SUPPLIED ENTRIES:

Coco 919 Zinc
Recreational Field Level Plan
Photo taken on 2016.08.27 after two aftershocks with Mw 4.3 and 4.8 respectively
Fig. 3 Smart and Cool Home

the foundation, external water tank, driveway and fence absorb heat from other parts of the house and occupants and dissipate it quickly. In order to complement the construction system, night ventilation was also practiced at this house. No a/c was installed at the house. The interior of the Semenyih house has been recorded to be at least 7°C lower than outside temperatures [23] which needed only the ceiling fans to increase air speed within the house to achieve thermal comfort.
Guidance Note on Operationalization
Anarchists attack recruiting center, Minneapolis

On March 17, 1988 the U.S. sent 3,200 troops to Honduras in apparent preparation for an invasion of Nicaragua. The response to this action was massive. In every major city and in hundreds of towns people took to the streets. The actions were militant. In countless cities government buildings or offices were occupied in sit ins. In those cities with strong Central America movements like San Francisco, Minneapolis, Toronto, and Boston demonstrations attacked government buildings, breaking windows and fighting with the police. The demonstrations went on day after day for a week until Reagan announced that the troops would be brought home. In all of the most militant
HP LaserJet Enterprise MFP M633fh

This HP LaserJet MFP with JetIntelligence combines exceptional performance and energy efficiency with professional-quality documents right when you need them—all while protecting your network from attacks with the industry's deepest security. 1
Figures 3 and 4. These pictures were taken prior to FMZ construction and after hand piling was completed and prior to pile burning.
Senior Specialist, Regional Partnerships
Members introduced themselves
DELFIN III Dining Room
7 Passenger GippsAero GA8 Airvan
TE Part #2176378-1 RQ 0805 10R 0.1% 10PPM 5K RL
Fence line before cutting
--
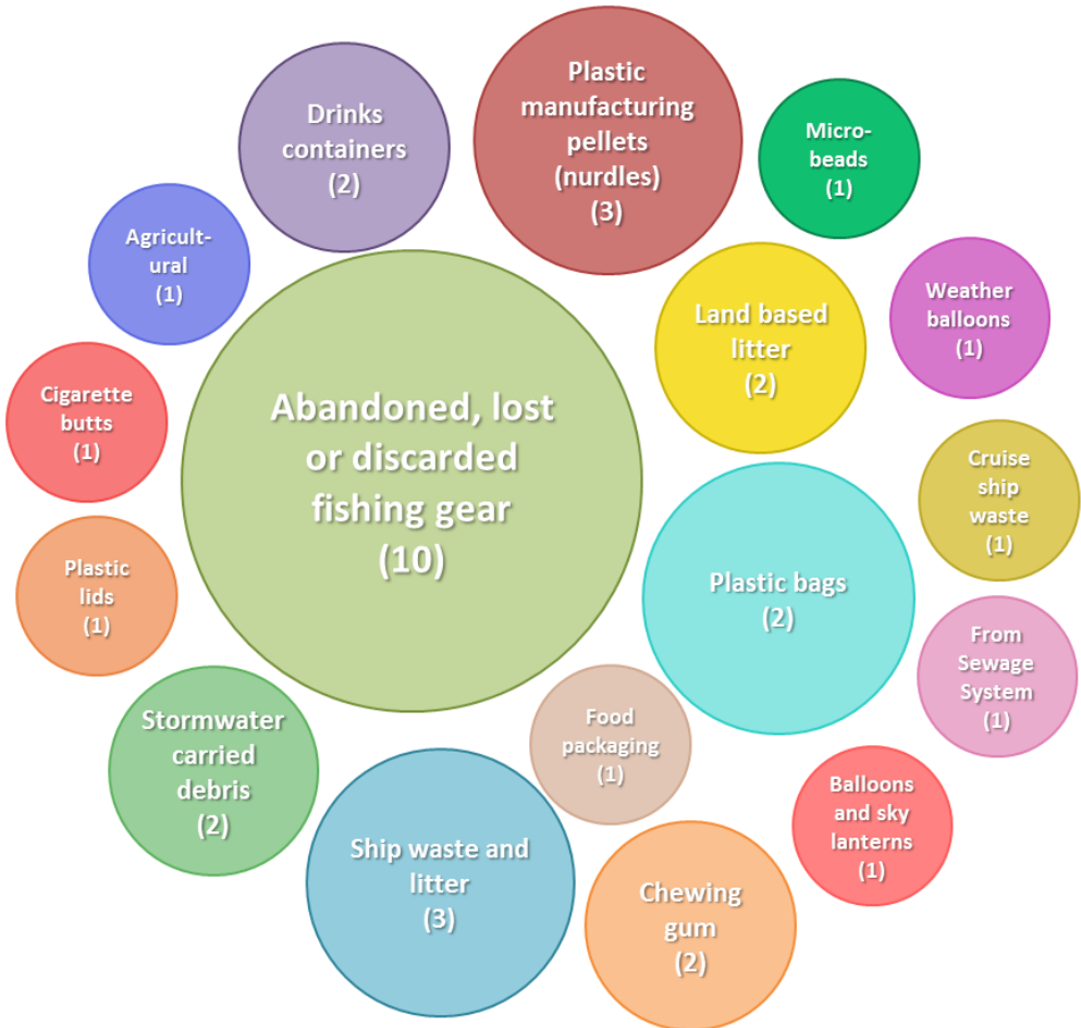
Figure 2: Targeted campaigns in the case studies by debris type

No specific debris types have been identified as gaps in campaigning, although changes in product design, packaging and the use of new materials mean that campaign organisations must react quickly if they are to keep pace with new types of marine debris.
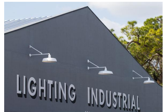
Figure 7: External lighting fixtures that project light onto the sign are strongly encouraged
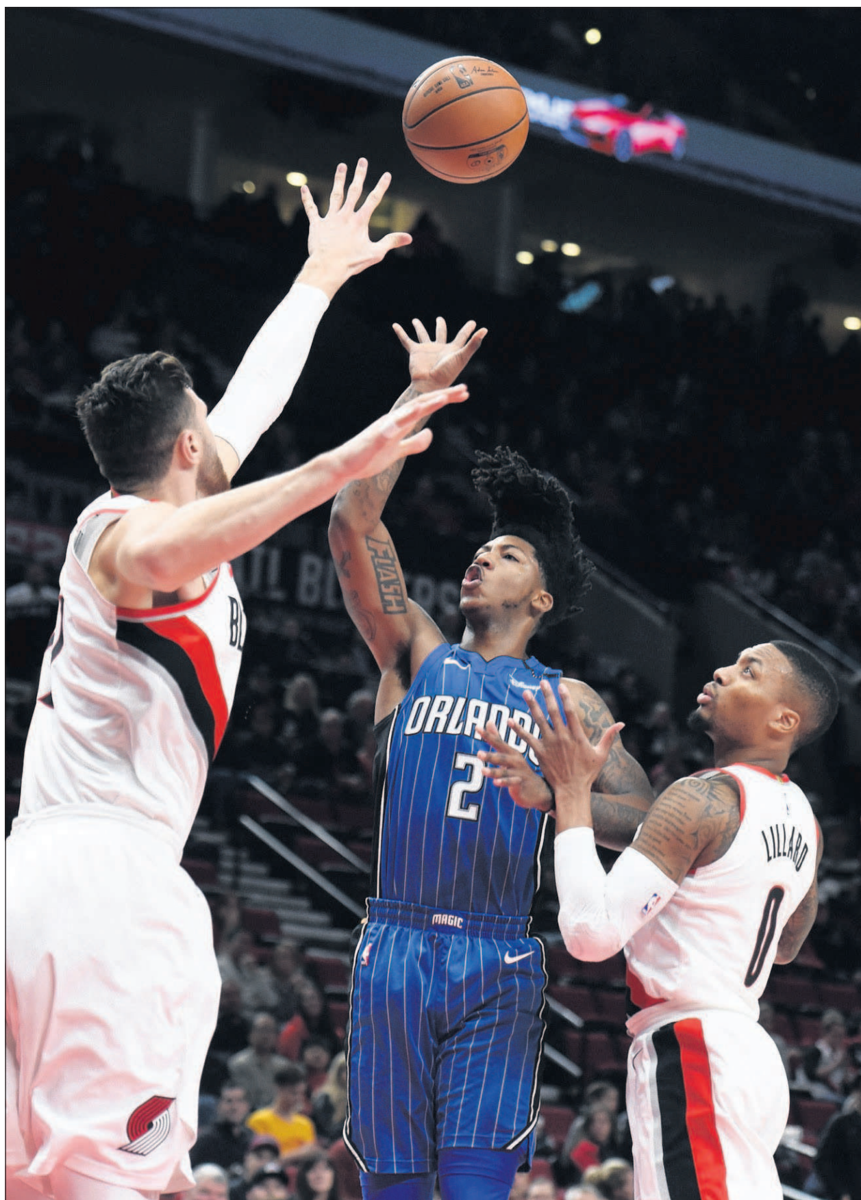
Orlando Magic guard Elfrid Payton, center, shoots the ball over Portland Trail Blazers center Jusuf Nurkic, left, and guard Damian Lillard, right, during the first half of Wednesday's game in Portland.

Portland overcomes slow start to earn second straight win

ACTIVITY: The reply should hold only the lines of the listing above starting at the line containing "Coco 919 Zinc" and ending at the line containing "Fig. 3 Smart and Cool Home", exactly as written.

TASK RESULT:
Coco 919 Zinc
Recreational Field Level Plan
Photo taken on 2016.08.27 after two aftershocks with Mw 4.3 and 4.8 respectively
Fig. 3 Smart and Cool Home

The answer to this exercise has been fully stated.